The second photo was of the Dartmouth Aires, an all-male a cappella group. The third photo was of the Dartmouth Distractions, a female a cappella group that later became the Dartmouth Decibelles. “That’s how the girls were viewed,” Calderon said, half-jokingly. “As distractions.” But overall, Calderon was quite positive, just like Herzog and White. At Smith, she felt like she didn’t have the diverse course offerings available at Dartmouth. Even though she was on a pre-medicine track, she still wanted to have a robust and complete liberal arts education. Dartmouth, despite the issues outside of the classroom, provided that. White similarly enjoyed Dartmouth because it helped her to decide on a career path. After taking a constitutional law class at Dartmouth, she discovered that law would be a good fit for her. Since a lot of her male peers were planning on attending law school, she was inspired to take the class. White also felt that the professors at Dartmouth were patient and understanding; when she had trouble on an assignment, professors were flexible and helped her get around the problem. Schellhorn commented on the diverse activities in Hanover. She particularly loved how she could enjoy the outdoors. This appeal to those who love nature at Dartmouth has certainly not diminished.
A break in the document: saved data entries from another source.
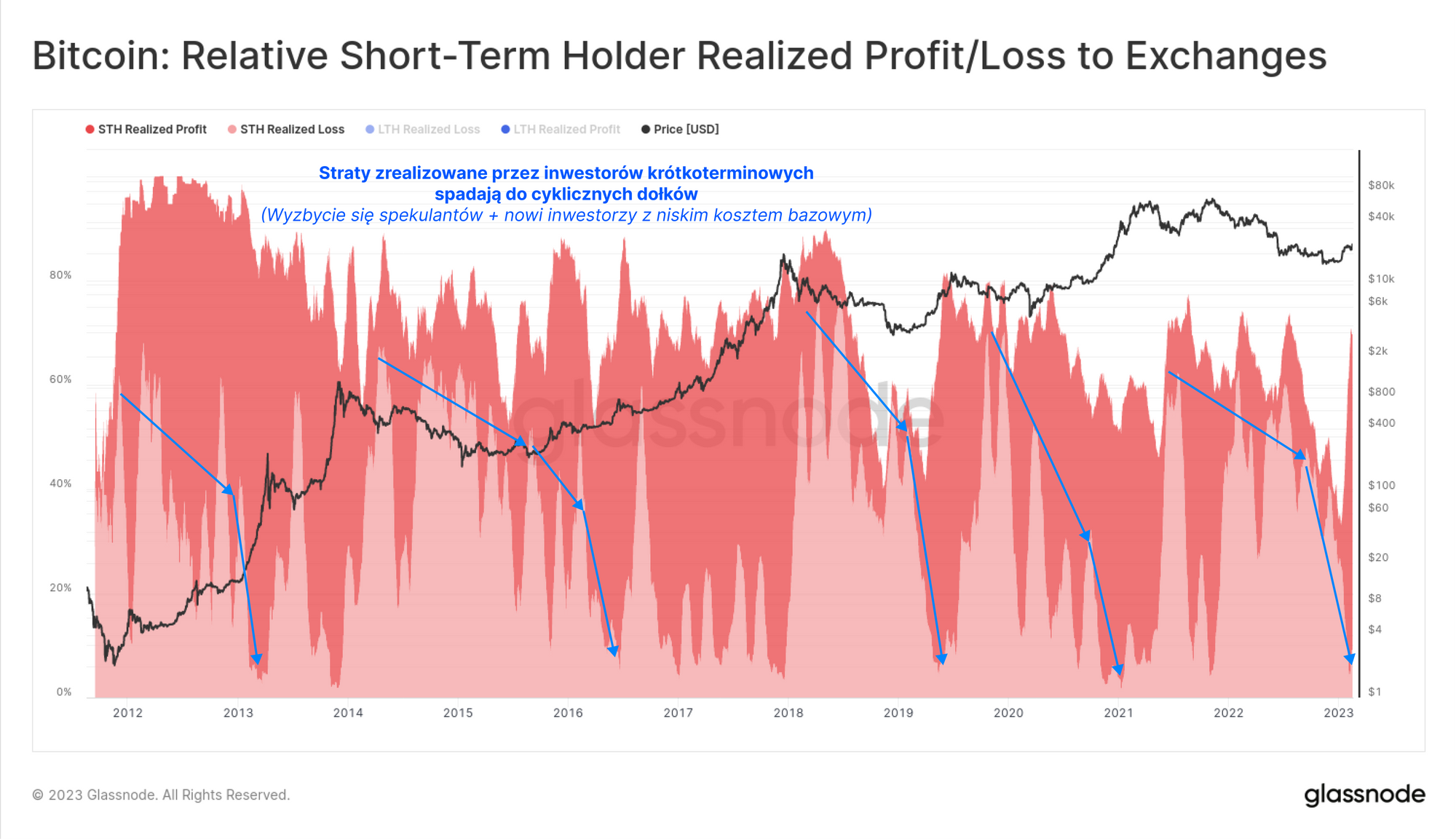Poniższy wykres pokazuje względny udział zysków i strat zrealizowanych przez grupę STH, wyseparowanych specjalnie pod kątem coinów wysyłanych na giełdy, aby jak najlepiej oddać siły po stronie sprzedaży. Widzimy schemat zanikania względnych strat STH w miarę zbliżania się do dołków cyklu rynkowego, gdy spekulanci są wyrzucani z rynku, a coiny są przekazywane nabywcom utwierdzającym dno, z niższymi kosztami bazowymi.
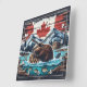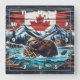 Um castor canadense constrói uma barragem em um rio sereno, cercado por montanhas e árvores verdes, com pano de fundo de bandeira canadense.
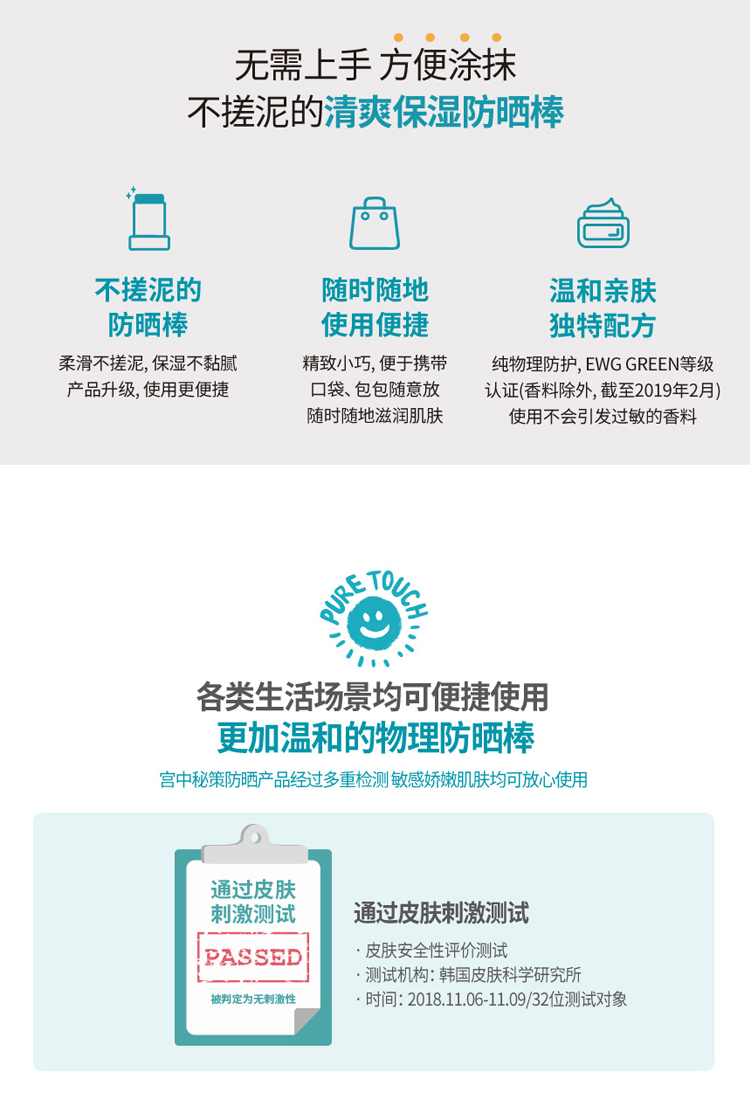 【中欧班列】韩国宫中秘策防晒乳液 /防晒棒/防晒气垫 原装进口宝宝专用脸部物理防晒 20g/80g/15gWHBX

All of the female alumna I interviewed seemed to have enjoyed attending Dartmouth, whether it was for the increased opportunities in the classroom or simply the experience of meeting new people, despite their comments about the less-than-welcoming atmosphere for the inaugural classes of women. Although traces of male dominance exist at the College today, the strides in the past 40 years toward gender equality are irrefutable. The first female students may not have viewed themselves as pioneers, but they certainly carved the path for women today at Dartmouth to enjoy a much greater degree of freedom and equality.